A entity maintains its own independent identity among all other objects in the system. This means that a entity maintains (is identified by) a primary key in the table defined to maintain the entity type. When inserting a new entity type into its table, it is advisable to allow the DBMS to auto-generate the new row's primary key. This can be accomplished using an auto-increment column (MySQL & SQL Server) or a Sequence (Oracle).

Describe the meaning of a Functional Dependency between attributes in a single relation A1 → A2. Use an example such as the Employee relation's SSN (Social Security Number) and the remaining attributes in the relation. Provide an example of how functional dependencies are not symmetric i.e. if A1 → A2 it is not necessarily true that A2 → A1.

A functional dependency A1 → A2 means that for every unique value assigned to attribute A1, the same value must be found assigned to A2. That is, A1 consistently identifies A2. For example, every tuple that has a given social security number the same first name, last name, etc. must be present in the tuple. In other words, the same SSN (A1) must not result in different employees / names (A2). If a SSN identifies a customer's (fname, lname), it is not the case that unique (fname, lname) identifies the same SSN. Naturally, other examples are possible.

What is the significance of a larger blocking factor?

A larger blocking factor (i.e. 4096/2028 = 2 vs 4096/1024 = 4, etc.) implies that more records and so more information is being retrieved with every disk READ BLOCK operation. We want to reduce the number of I/O operations. By increasing the amount of information maintained in each block, we reduce the number of block reads and increase the efficiency of record search and other DBMS operations.

Describe the structure of a multi-level index.

A multi-level index is a single-level index with additional layers that serve to index the index i.e. a multi-level index has first, second, etc. levels. Like the single-level index, the first level index entries are physically ordered according to the indexing attribute values of the data records being indexed. The multi-level index is structured as tree of disk blocks where each layer (level) in the tree indexes the complete range of data record index values. The first level (leaves of the index tree) reference the record address (block address) in the data file. The second level entries index the anchor records (first) entries of the first level index entry blocks. The third level entries index the anchor record entries of the second level index entry blocks.
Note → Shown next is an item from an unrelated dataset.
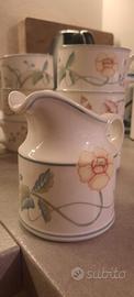 set da the Villeriy & Boch composto da teiera, 7 piattini e 6 tazze piccole, 4 piattini più grandi, 1 tazza grossa, due zucchieriere di cui una con coperchio, 1 brocca piccola per il latte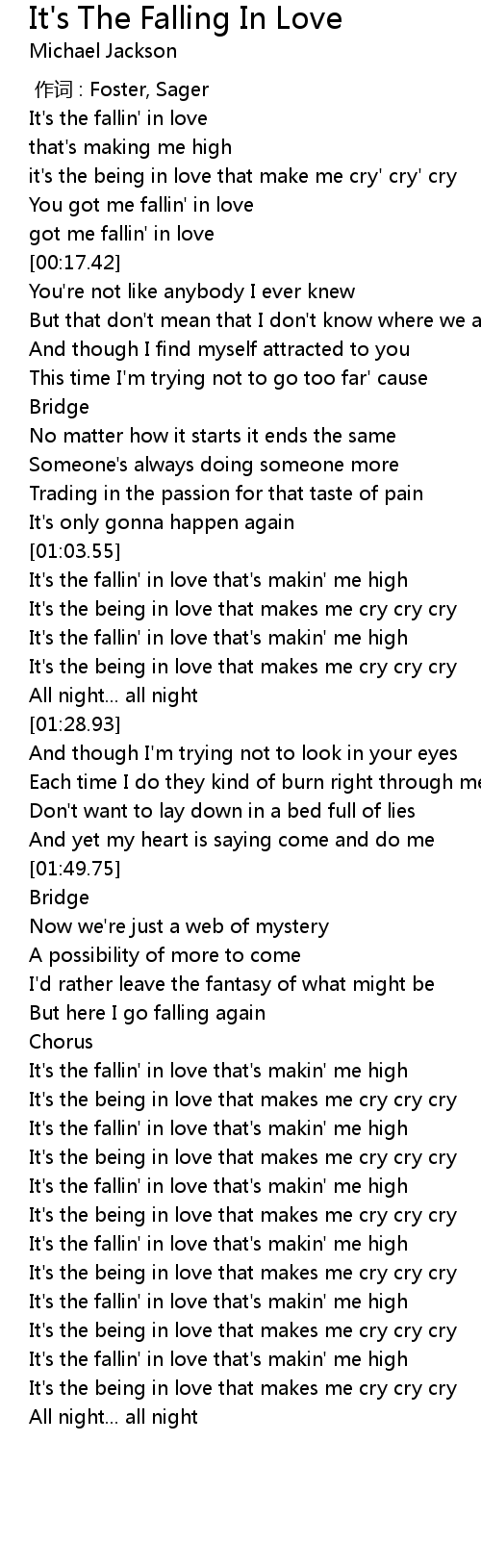 | [02:17.31] | It's the fallin' in love that's makin' me high |

Etc.

Describe Query-Based Views and Materialized Views

A query-based view is implemented as an underlying select statement which is evaluated each time the view is queried. A Materialized View is implemented as a physical table whose tuples are provided by the view's select statement. The materialized view must be periodically updated so that its contents remain synchronized with the underlying base tables. A materialized view is most useful when aggregating data based on time. For example, aggregating data from the previous day, week, month, etc. This is data that will not change after the close of its period (day, week, etc).

Why must a secondary index be a dense index?
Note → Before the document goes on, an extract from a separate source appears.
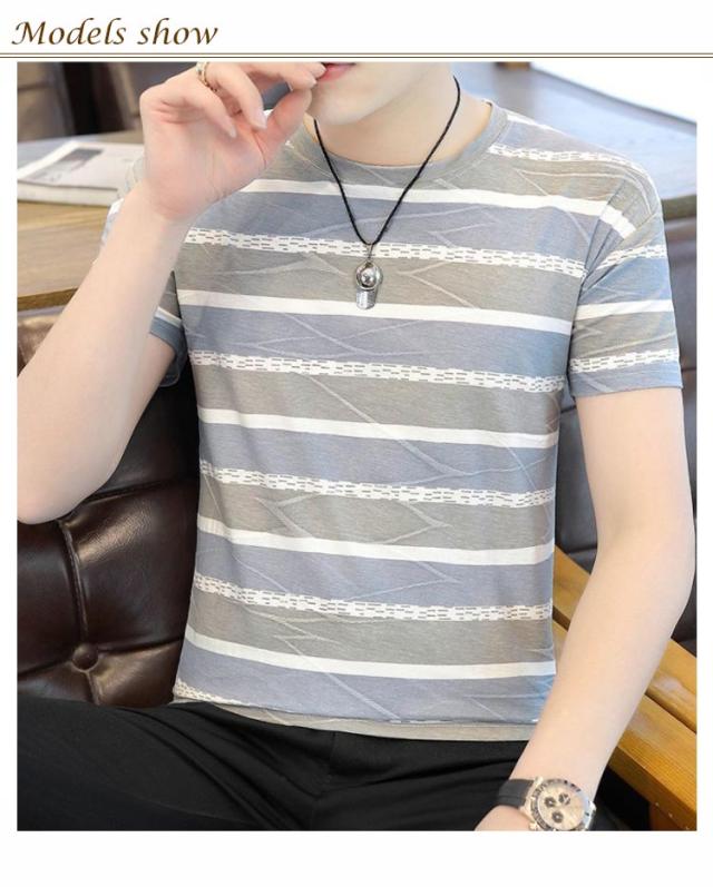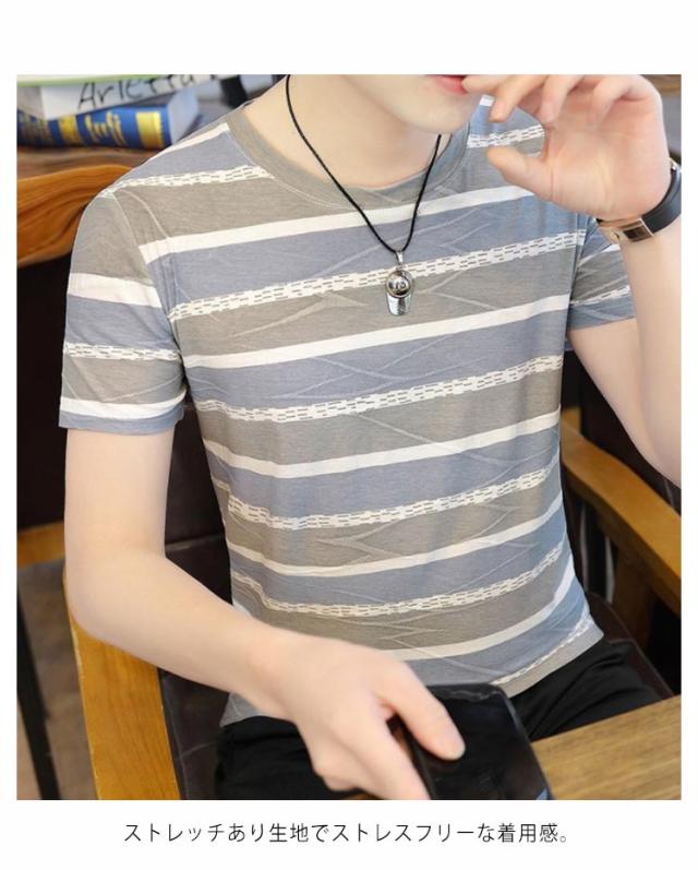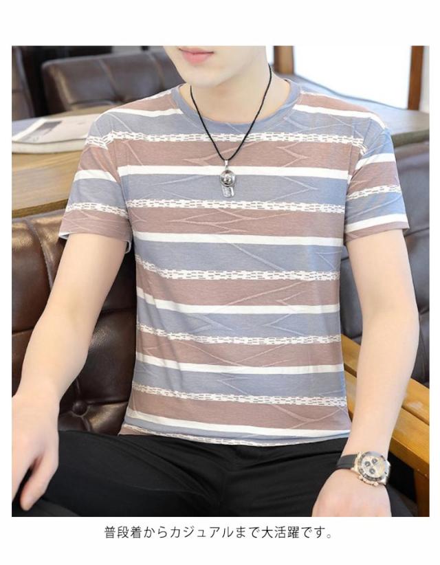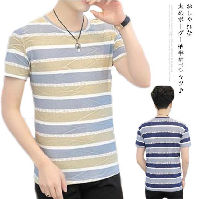 ボーダー Tシャツ 半袖 メンズ トップス 半袖tシャツ カットソー ラウンドネック 着痩せ 大きいサイズ ボーダー 涼しげ カジュアル 夏 送料無料 韓国風 おしゃれ S M L XL 2XL 3XL

A secondary index is created against the data file's non-ordering attributes i.e. not the physical ordering of the data file blocks. So unlike a sparse index, a secondary index requires an index entry for every record in the data file. This is the definition of a dense index.

Why is a secondary index less efficient that a Primary Index on an ordered data file?
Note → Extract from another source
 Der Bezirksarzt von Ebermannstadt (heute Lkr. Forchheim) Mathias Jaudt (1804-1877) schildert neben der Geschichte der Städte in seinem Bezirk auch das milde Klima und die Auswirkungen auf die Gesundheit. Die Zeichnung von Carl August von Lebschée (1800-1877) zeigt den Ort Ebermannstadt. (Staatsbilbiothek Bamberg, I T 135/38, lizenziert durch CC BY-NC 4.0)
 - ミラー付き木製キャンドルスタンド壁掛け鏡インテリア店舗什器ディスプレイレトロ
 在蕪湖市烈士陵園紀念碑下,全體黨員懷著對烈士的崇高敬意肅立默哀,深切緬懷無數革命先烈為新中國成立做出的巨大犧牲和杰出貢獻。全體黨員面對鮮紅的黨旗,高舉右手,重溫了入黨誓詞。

A secondary index is less efficient because the index requires N-1 times more index entries than a primary index where N is the data file's blocking factor (number of data records that fit into a block.

What type of select operation benefits most from a B+ tree? Briefly explain your answer.

A select operation that is identifies a range of consecutive indexed values. For example a BETWEEN operation identifying a range of records between two indexed attribute values e.g. a date. This is because the leaf nodes of the B+ tree maintain pointers to the next index block and moving from one block to the next in an ascending or descending order is an O(1) operation.

Can we apply a sparse index to an unordered data file? Explain your answer.

A sparse index cannot be utilized for an unordered data file. A sparse index relies on the fact that the indexed attribute value is ascending across data file blocks. That is, that the indexed attribute values on index block i are less than the values on index block i+1 (assuming ascending order). An unordered data file places records randomly across its blocks, and so each unique index value (data record) requires a pointer to the record's block i.e. a dense index.

Describe the restrictions Basic Two Phase Locking places on how transactions are allowed to execute their lock / unlock operations.

A transaction has two phases: Expanding followed by Shrinking. During the expanding phase, transactions acquire locks. During the shrinking phase, transactions release locks. A transaction cannot acquire new locks after it releases its first lock i.e. expand-shrink-expand is forbidden.

Describe the meaning and purpose of Triggers in a database design.

A trigger is a mechanism that executes a function (stored procedure) on the database server itself. Triggers are attached to specific tables and their execution is 'triggered' under conditions that are described when the Trigger is created (CREATE TRIGGER ...).

What is the reason for providing views in our schema?

A view provides a method of encapsulating (hiding) commonly used or complex queries from the database users. Second, like interfaces from OO languages, a view provides a façade to the database users whose implementation can be modified without the effecting the clients that make use of the view. That is, the select statement and / or underlying tables can be modified and no changes will be required of the clients so long as the view's attributes remain unchanged.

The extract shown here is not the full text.